Capitolo 8 ANALISI TESTUALE

8. La lettura del Bisogno di Reciprocità all'interno dei diversi ordini di grandezza

Nelle giustificazioni fornite dai nostri attori, abbiamo visto come il bisogno dell'esistenza di una forma di reciprocità in presenza di RdE, si manifesti principalmente attraverso delle convenzioni selettive o condizionali, che supponiamo abbiano la funzione di garantire una forma di controllo rassicurante sull'esito incerto della futura relazione. Ed è proprio la sicurezza uno dei principi di giustizia più importanti che caratterizzano l'ordine condizionale e selettivo, insieme all'equità e al lavoro come fine in sé. Ebbene, ci domandiamo da che cosa i nostri attori vogliano essere rassicurati? Per capirlo dobbiamo congiungere il senso morale che i principi di giustizia dell'ordine condizionale e selettivo esprimono al loro campo d'azione, o meglio, al loro mondo comune. La redistribuzione nella sfera delle risorse primarie abbiamo visto come possa essere considerata una pratica che richiama l'aspetto materiale della sopravvivenza nei rapporti sociali di dare/avere. E la garanzia della sopravvivenza, è anche uno dei principi di giustizia emersi. Per un essere naturalmente sociale come è l'uomo, la sopravvivenza è storicamente e biologicamente legata alla cooperazione, all'interazione, ed alla reciprocità. Tuttavia, anche alla luce delle teorie del debito primordiale, avanziamo l'ipotesi che il senso profondo del perché la reciprocità sia una necessità nella sfera materiale dei rapporti di dare/avere della redistribuzione, vada ricercato a cavallo di due bisogni naturali dell'essere umano: la preoccupazione per la conservazione della propria vita e la

necessità di attribuire significati alla realtà. Con questo, non intendiamo fondare una spiegazione

della reciprocità materiale e delle sue funzioni, anche perché il nostro materiale empirico non è né stato tarato su questo obbiettivo, né è in grado di sostenerlo adeguatamente. Tuttavia, non possiamo non notare come anche la nostra analisi del senso morale, ci conduca verso una sorta di scavo semantico, di archeologia del significato che sta alla base del legame che unisce la reciprocità e la dimensione materiale. In questo senso, le modalità di distribuzione delle risorse materiali per la sopravvivenza e la natura dell'ordine sociale sarebbero intimamente connesse. L'attribuzione di un significato alla necessità di reperire le risorse naturali (raccogliendo, cacciando, coltivando, producendo e, in una parola, lavorando) sarebbe così profondamente intrecciata al modo con cui il loro reperimento viene organizzato. Da qui l'importanza del concetto di giustizia per gli esseri umani come nesso e filo conduttore tra l'ordine sociale, l'organizzazione del lavoro che ne deriva, e la reciprocità materiale dei rapporti di dare/avere.111 Un nesso che l'idea di un RdE universale ed

incondizionato sembra portare alla luce, e che la sperimentazione della Mag6 ci ha dato modo di osservare attraverso lo studio del senso morale degli attori che con questa idea si sono voluti cimentare nella pratica.

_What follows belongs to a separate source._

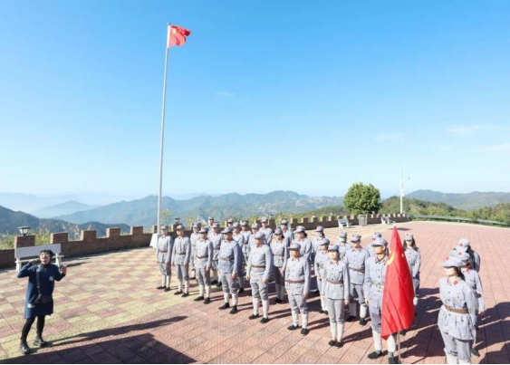 组织党员干部和教师瞻仰苦湖突围战纪念碑。骆惠勇摄

La giustizia è un concetto polisemantico ed eterogeneo, sottoposto alle inclinazioni dei diversi contesti socio-culturali e spazio-temporali. Il suo elevato grado di astrazione lo ha reso adattabile e versatile lungo i secoli della storia umana. Ovviamente non è questo il luogo in cui poter studiare questa nozione morale così complessa. Ciò che ci interessa, è far notare come ad essa nella sfera dei rapporti materiali si accompagni storicamente nei raggruppamenti umani quasi sempre una modalità di declinare il nesso tra dimensione simbolica e sfera materiale nella redistribuzione delle risorse, tra il tentativo di fondare un perché l'uomo sia soggetto alla faticosa contingenza della necessità e l'organizzazione del lavoro che serve ad affrontarla. Lo studio del senso morale che caratterizza la relazione tra attori sociali all'interno del mondo comune della redistribuzione va proprio in questa direzione. Lo studio della genesi del nesso tra elementi simbolici ed elementi materiali dell'esigenza della reciprocità sicuramente necessita di un altro tipo di ricerca più approfondito. Per quello che ci riguarda, invece, il nostro studio è in grado di gettar luce sul modo con cui questa esigenza si manifesta moralmente. L'analisi esplorativa delle giustificazioni e del senso morale degli attori può infatti rivelarci quale forma abbia assunto (almeno in un particolare contesto socio-culturale) il 111Come accennato in precedenza, si pensi alla trasfigurazione antropomorfa della dea greca Nemesi, la quale presiede non solo alla distribuzione delle risorse naturali, ma lo fa operando una giustizia divina sugli uomini, separando i meritevoli dai non meritevoli.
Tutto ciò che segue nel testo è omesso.